### DATA TO EXAMINE
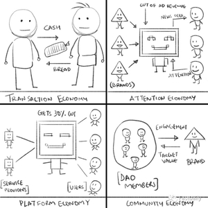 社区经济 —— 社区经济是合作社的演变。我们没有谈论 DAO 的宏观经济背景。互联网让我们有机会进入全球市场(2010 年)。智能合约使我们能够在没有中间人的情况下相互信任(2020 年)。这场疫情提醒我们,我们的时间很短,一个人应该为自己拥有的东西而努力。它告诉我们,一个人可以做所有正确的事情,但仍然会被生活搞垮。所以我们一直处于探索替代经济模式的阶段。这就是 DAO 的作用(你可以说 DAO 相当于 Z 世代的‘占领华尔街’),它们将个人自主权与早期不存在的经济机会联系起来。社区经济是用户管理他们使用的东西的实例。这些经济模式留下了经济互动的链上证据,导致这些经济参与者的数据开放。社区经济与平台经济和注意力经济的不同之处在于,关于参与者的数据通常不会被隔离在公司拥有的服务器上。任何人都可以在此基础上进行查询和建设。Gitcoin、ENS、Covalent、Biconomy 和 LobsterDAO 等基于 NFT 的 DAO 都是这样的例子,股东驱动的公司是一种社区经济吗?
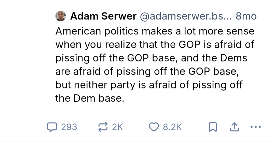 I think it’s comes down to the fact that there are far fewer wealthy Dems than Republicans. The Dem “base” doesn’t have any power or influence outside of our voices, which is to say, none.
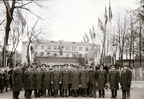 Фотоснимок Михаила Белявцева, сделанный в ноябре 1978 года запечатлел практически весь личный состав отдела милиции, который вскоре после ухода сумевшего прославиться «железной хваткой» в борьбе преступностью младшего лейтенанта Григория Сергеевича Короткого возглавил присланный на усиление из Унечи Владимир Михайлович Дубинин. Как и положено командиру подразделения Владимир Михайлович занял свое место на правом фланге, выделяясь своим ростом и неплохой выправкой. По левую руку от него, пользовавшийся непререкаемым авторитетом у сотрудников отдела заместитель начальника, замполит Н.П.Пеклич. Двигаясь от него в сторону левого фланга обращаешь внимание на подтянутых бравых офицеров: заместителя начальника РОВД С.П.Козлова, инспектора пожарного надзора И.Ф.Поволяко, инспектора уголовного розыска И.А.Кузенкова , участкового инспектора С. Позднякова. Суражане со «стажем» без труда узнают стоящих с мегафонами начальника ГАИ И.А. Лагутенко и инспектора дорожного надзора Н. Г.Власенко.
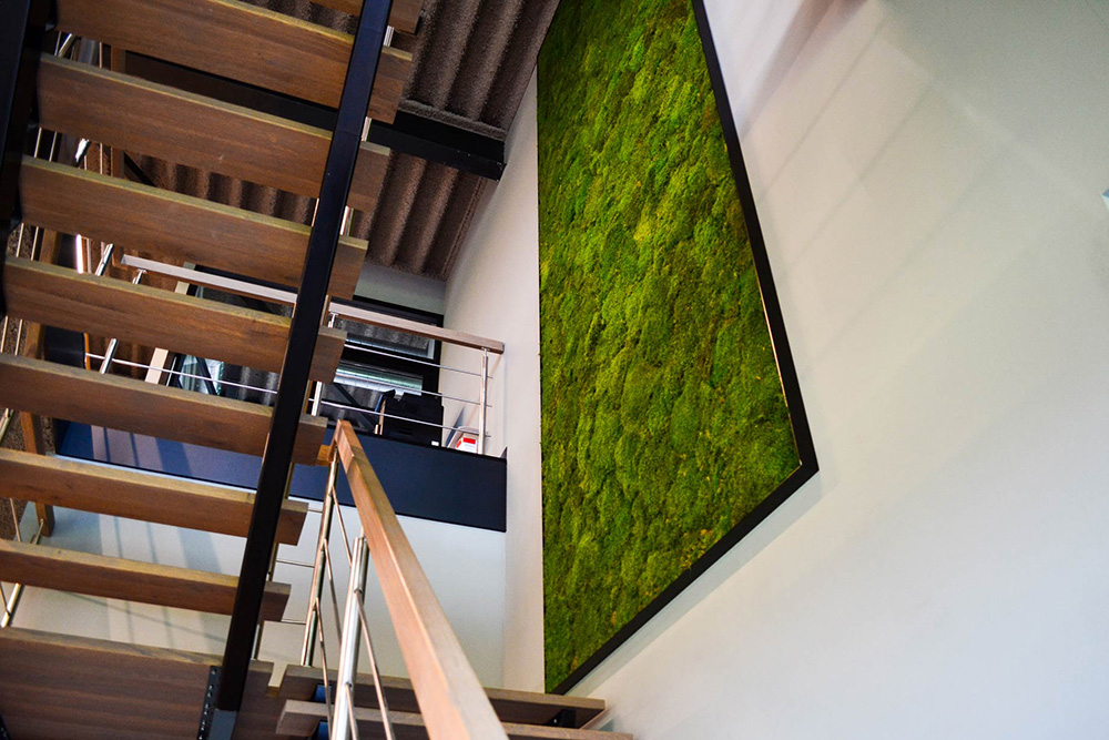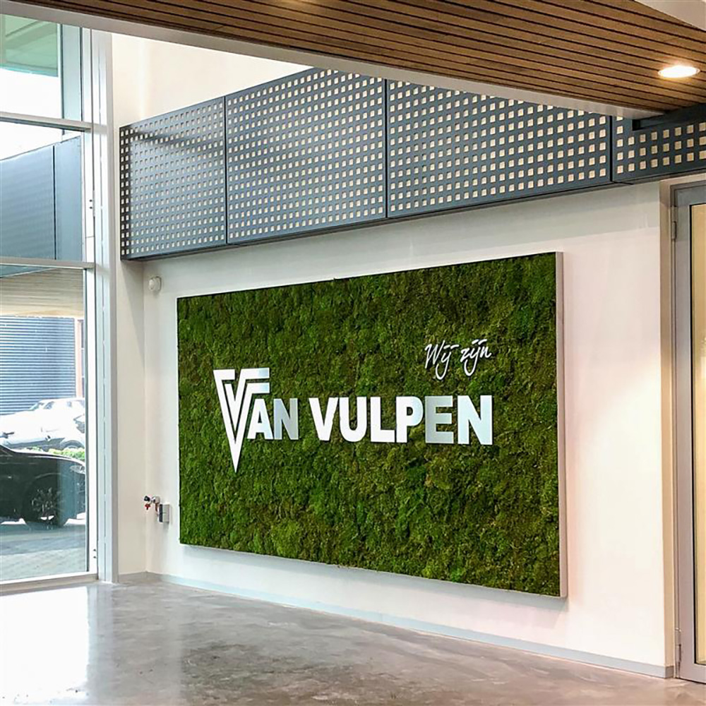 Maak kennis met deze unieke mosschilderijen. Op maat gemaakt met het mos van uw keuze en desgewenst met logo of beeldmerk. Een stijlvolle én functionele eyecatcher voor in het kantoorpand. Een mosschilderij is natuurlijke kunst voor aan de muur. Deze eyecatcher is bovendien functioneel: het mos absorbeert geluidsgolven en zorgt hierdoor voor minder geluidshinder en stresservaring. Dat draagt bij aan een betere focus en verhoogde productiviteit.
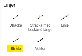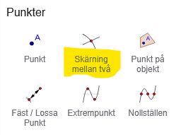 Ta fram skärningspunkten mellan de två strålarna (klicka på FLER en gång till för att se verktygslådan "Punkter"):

### INSTRUCTIONS TO FOLLOW
Each line above is to be copied exactly, and the pictures are to be dropped.

### RESPONSE AREA
 社区经济 —— 社区经济是合作社的演变。我们没有谈论 DAO 的宏观经济背景。互联网让我们有机会进入全球市场(2010 年)。智能合约使我们能够在没有中间人的情况下相互信任(2020 年)。这场疫情提醒我们,我们的时间很短,一个人应该为自己拥有的东西而努力。它告诉我们,一个人可以做所有正确的事情,但仍然会被生活搞垮。所以我们一直处于探索替代经济模式的阶段。这就是 DAO 的作用(你可以说 DAO 相当于 Z 世代的‘占领华尔街’),它们将个人自主权与早期不存在的经济机会联系起来。社区经济是用户管理他们使用的东西的实例。这些经济模式留下了经济互动的链上证据,导致这些经济参与者的数据开放。社区经济与平台经济和注意力经济的不同之处在于,关于参与者的数据通常不会被隔离在公司拥有的服务器上。任何人都可以在此基础上进行查询和建设。Gitcoin、ENS、Covalent、Biconomy 和 LobsterDAO 等基于 NFT 的 DAO 都是这样的例子,股东驱动的公司是一种社区经济吗?
 I think it’s comes down to the fact that there are far fewer wealthy Dems than Republicans. The Dem “base” doesn’t have any power or influence outside of our voices, which is to say, none.
 Фотоснимок Михаила Белявцева, сделанный в ноябре 1978 года запечатлел практически весь личный состав отдела милиции, который вскоре после ухода сумевшего прославиться «железной хваткой» в борьбе преступностью младшего лейтенанта Григория Сергеевича Короткого возглавил присланный на усиление из Унечи Владимир Михайлович Дубинин. Как и положено командиру подразделения Владимир Михайлович занял свое место на правом фланге, выделяясь своим ростом и неплохой выправкой. По левую руку от него, пользовавшийся непререкаемым авторитетом у сотрудников отдела заместитель начальника, замполит Н.П.Пеклич. Двигаясь от него в сторону левого фланга обращаешь внимание на подтянутых бравых офицеров: заместителя начальника РОВД С.П.Козлова, инспектора пожарного надзора И.Ф.Поволяко, инспектора уголовного розыска И.А.Кузенкова , участкового инспектора С. Позднякова. Суражане со «стажем» без труда узнают стоящих с мегафонами начальника ГАИ И.А. Лагутенко и инспектора дорожного надзора Н. Г.Власенко.
 Maak kennis met deze unieke mosschilderijen. Op maat gemaakt met het mos van uw keuze en desgewenst met logo of beeldmerk. Een stijlvolle én functionele eyecatcher voor in het kantoorpand. Een mosschilderij is natuurlijke kunst voor aan de muur. Deze eyecatcher is bovendien functioneel: het mos absorbeert geluidsgolven en zorgt hierdoor voor minder geluidshinder en stresservaring. Dat draagt bij aan een betere focus en verhoogde productiviteit.
 Ta fram skärningspunkten mellan de två strålarna (klicka på FLER en gång till för att se verktygslådan "Punkter"):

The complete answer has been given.